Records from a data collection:
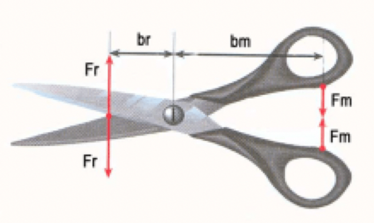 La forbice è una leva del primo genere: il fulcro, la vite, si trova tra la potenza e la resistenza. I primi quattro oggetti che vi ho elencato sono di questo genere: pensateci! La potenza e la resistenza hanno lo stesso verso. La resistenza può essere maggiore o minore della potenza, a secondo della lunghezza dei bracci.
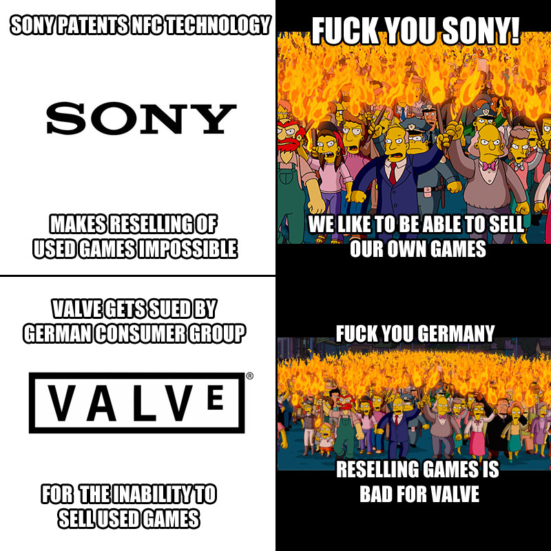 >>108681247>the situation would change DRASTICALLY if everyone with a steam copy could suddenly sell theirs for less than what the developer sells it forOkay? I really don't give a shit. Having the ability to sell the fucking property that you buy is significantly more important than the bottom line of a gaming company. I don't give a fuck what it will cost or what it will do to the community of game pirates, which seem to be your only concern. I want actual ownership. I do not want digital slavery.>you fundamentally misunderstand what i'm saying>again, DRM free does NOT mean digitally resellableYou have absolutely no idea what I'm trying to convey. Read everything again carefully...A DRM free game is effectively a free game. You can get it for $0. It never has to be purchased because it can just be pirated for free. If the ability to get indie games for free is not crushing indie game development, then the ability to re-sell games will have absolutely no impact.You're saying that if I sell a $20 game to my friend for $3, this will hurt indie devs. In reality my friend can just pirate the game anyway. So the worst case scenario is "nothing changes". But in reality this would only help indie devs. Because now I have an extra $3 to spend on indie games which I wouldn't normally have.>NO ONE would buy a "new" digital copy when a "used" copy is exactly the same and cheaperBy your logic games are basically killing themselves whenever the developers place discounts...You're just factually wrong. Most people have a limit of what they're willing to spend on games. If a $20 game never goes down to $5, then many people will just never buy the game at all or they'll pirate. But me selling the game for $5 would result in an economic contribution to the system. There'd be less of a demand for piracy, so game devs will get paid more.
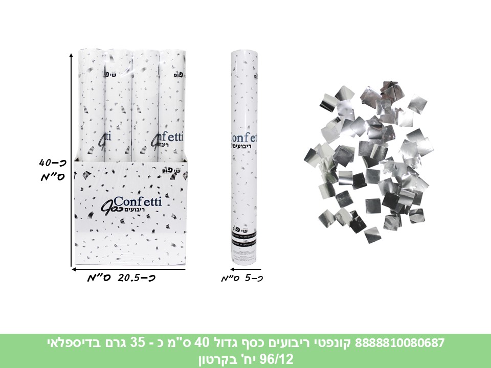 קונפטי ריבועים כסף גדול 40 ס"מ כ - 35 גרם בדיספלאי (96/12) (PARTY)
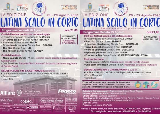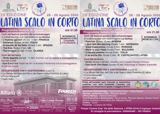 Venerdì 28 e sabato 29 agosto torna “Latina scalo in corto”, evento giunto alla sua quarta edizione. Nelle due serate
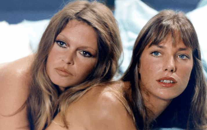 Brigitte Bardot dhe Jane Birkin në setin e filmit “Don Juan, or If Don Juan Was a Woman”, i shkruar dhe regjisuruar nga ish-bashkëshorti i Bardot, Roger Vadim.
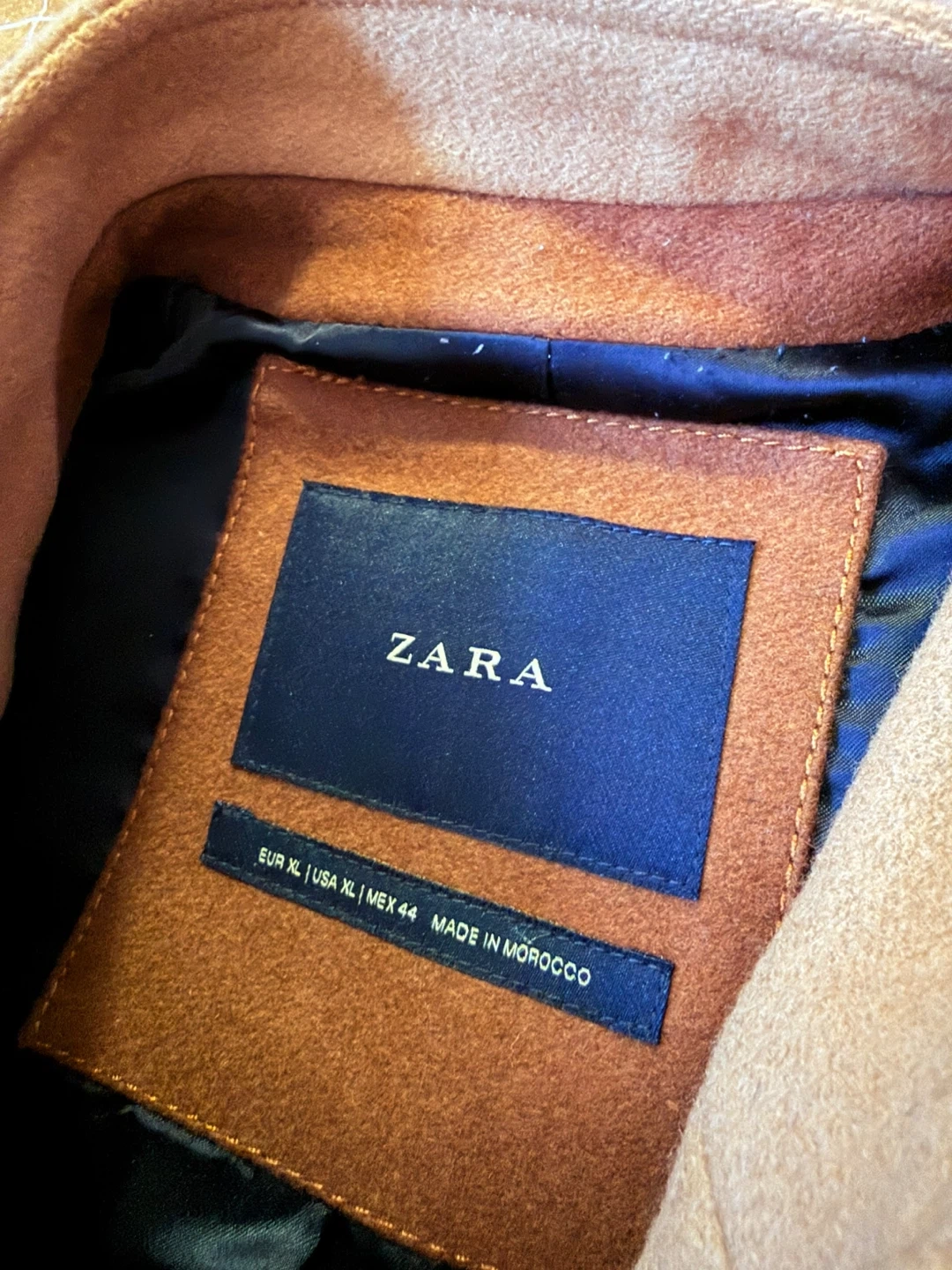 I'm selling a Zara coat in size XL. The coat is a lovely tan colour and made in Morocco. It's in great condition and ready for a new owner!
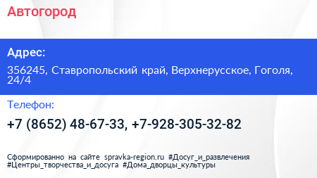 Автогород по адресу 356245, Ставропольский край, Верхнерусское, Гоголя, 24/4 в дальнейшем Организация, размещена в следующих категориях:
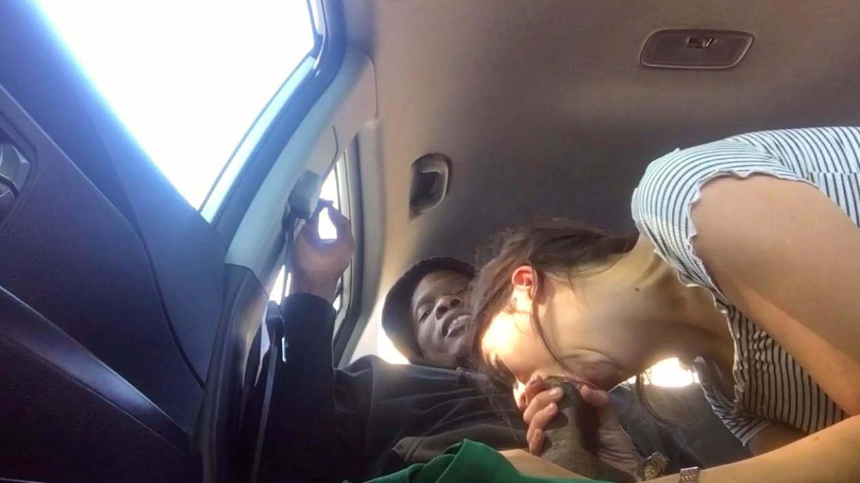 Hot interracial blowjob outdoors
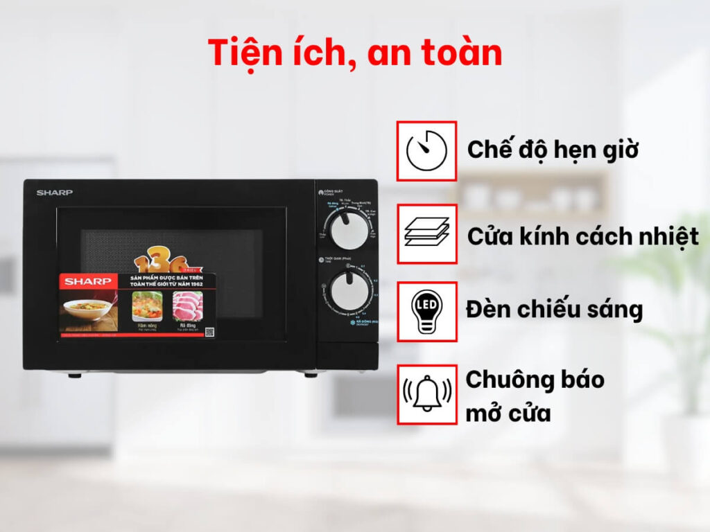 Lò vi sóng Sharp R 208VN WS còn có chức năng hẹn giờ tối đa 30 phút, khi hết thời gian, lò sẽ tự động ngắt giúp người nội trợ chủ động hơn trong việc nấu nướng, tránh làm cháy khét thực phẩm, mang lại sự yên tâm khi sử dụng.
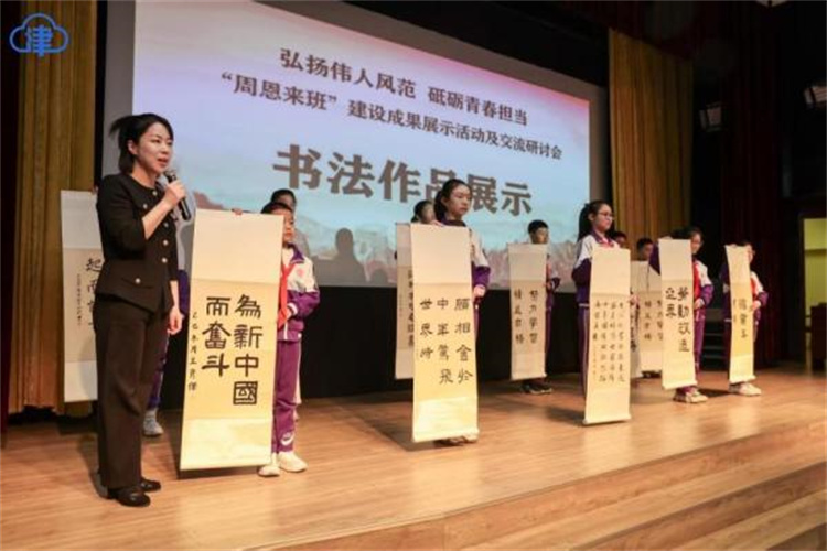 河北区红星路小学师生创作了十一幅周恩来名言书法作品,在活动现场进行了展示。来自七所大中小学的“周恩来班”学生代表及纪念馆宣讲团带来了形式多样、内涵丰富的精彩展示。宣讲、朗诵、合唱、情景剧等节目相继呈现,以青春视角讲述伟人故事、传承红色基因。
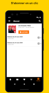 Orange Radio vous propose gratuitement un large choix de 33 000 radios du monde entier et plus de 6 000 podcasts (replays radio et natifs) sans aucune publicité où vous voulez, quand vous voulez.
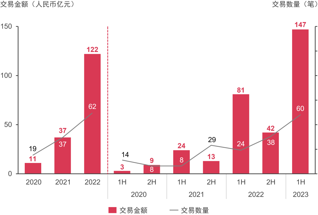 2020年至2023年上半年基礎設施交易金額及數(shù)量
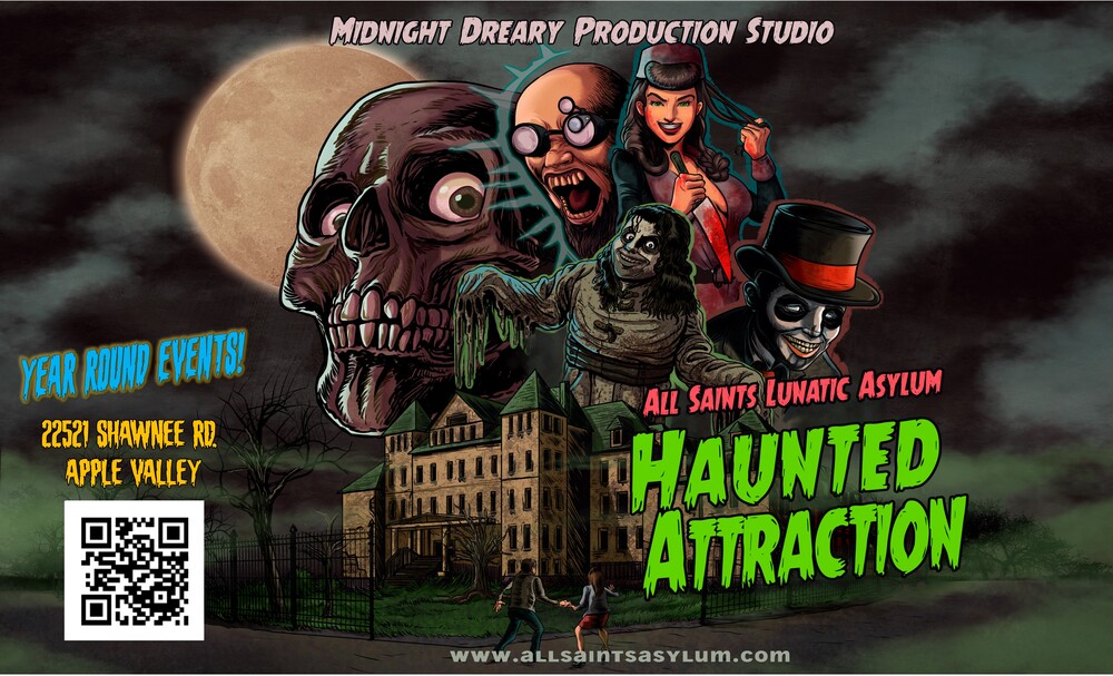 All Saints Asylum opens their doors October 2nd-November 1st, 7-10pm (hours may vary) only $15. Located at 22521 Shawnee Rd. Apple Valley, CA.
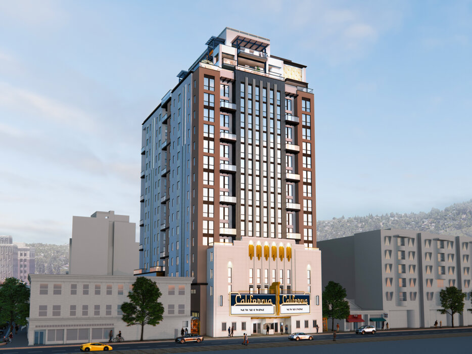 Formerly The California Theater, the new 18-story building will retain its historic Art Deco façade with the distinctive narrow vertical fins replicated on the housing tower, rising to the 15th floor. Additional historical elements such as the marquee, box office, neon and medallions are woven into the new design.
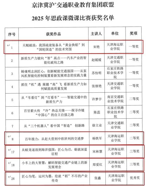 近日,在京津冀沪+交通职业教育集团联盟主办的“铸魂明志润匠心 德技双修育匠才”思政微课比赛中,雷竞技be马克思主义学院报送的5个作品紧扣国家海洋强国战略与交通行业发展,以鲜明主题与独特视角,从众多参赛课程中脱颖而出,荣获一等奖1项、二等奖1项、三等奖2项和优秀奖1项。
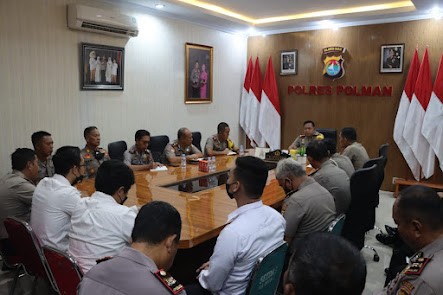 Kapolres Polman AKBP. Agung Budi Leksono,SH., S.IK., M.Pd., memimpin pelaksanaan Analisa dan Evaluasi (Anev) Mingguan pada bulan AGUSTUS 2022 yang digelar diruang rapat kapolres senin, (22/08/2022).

YOUR INSTRUCTIONS: Every line from the one with "Formerly The California" to the end of the records above should be restated word for word, and no picture belongs in the copy.

YOUR RESPONSE:
 Formerly The California Theater, the new 18-story building will retain its historic Art Deco façade with the distinctive narrow vertical fins replicated on the housing tower, rising to the 15th floor. Additional historical elements such as the marquee, box office, neon and medallions are woven into the new design.
 近日,在京津冀沪+交通职业教育集团联盟主办的“铸魂明志润匠心 德技双修育匠才”思政微课比赛中,雷竞技be马克思主义学院报送的5个作品紧扣国家海洋强国战略与交通行业发展,以鲜明主题与独特视角,从众多参赛课程中脱颖而出,荣获一等奖1项、二等奖1项、三等奖2项和优秀奖1项。
 Kapolres Polman AKBP. Agung Budi Leksono,SH., S.IK., M.Pd., memimpin pelaksanaan Analisa dan Evaluasi (Anev) Mingguan pada bulan AGUSTUS 2022 yang digelar diruang rapat kapolres senin, (22/08/2022).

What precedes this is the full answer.